El programa principal
Para terminar con nuestra aplicación, sólo nos queda implementar el
programa principal. Éste tiene como misión preparar de forma
dinámica un menú de opciones que debe mostrarnos los diferentes
tipos de informes de los que dispondrá el usuario.
Para ello, necesitaremos especificar de alguna manera la relación
de informes disponibles, y qué mejor forma de hacerlo que empleando
un poco de XML. Dispondremos pues de un fichero de inicio XML que
documentará qué opciones tenemos y qué componentes deben ejecutarse
como fruto de la selección de dicha opción.

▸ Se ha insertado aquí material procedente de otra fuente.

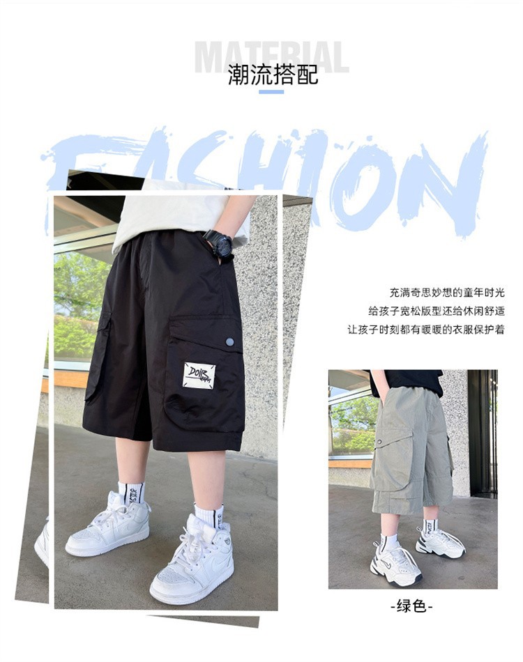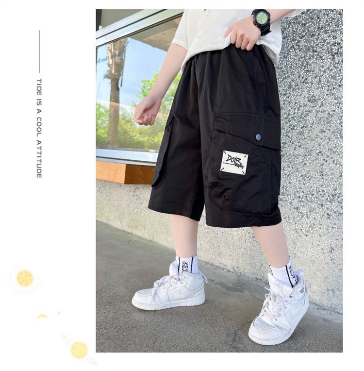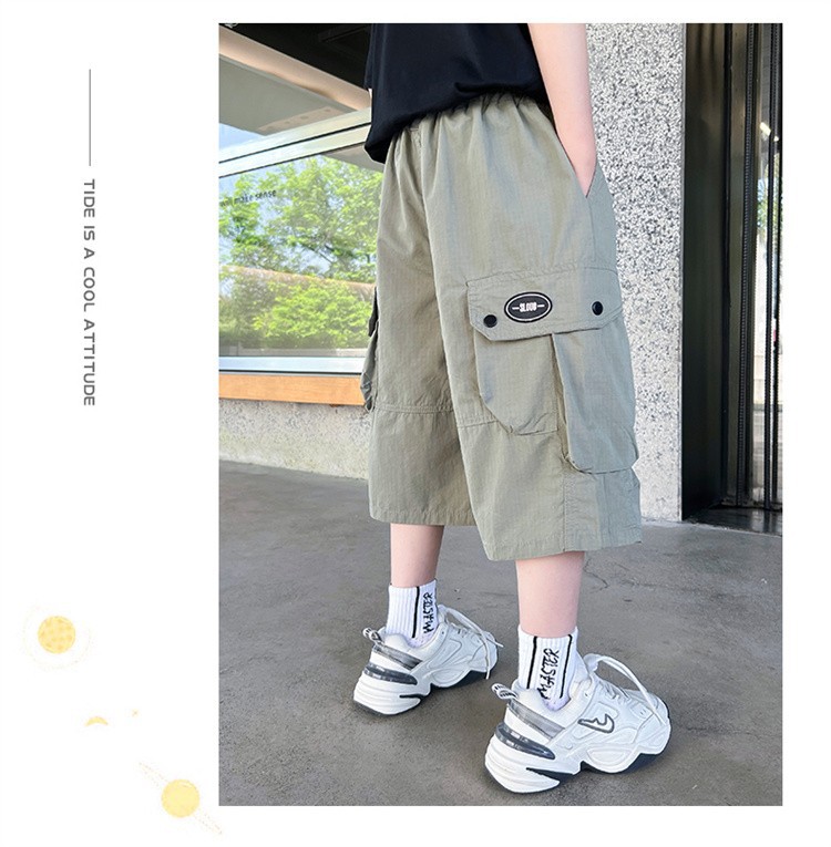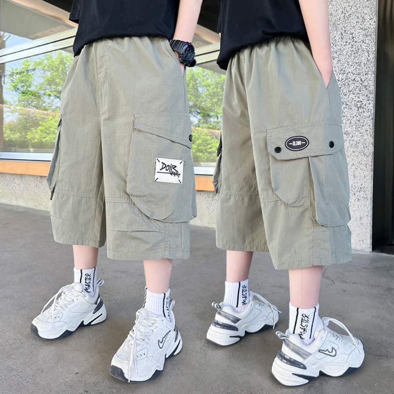 남아 작업복 순면 크롭 팬츠 반바지 신상 아동 중대형 아동 중간 길이 팬츠 남아 여름 얇은 스타일 트렌디

Para ello dejaremos el
formulario principal tal y cómo se muestra en la figura 5.
Antes de comenzar es importante que marquéis una referencia al
proyecto del interfaz: CoInterfazInforme. Y sólo a él; los demás
componentes no son necesarios. El sistema los cargará en tiempo de
ejecución.
Todo el follón comienza en el evento Load del formulario. Aquí
cargaremos la lista de opciones y prepararemos las opciones
dinámicas. Para ello emplearemos el pedazo objeto DataSet y
convertiremos el XML en un contenedor de opciones: Titulo,
Componente y Tipo. En la implementación ¿qué técnicas se van a
usar?: Crear dinámicamente un menú y asociarle un delegado en
tiempo de ejecución que responda al evento OnClick. Quedando el
código de OnLoad cómo puedes ver en el fuente 4.
Donde el manejador genérico que hemos creado para cada opción de
menú, y que es responsable de la carga dinámica de clases lo puedes
ver en el fuente 5.
La explicación a este código es: Creamos un objeto DataView para
encontrar la fila que coincide con la opción de menú seleccionada.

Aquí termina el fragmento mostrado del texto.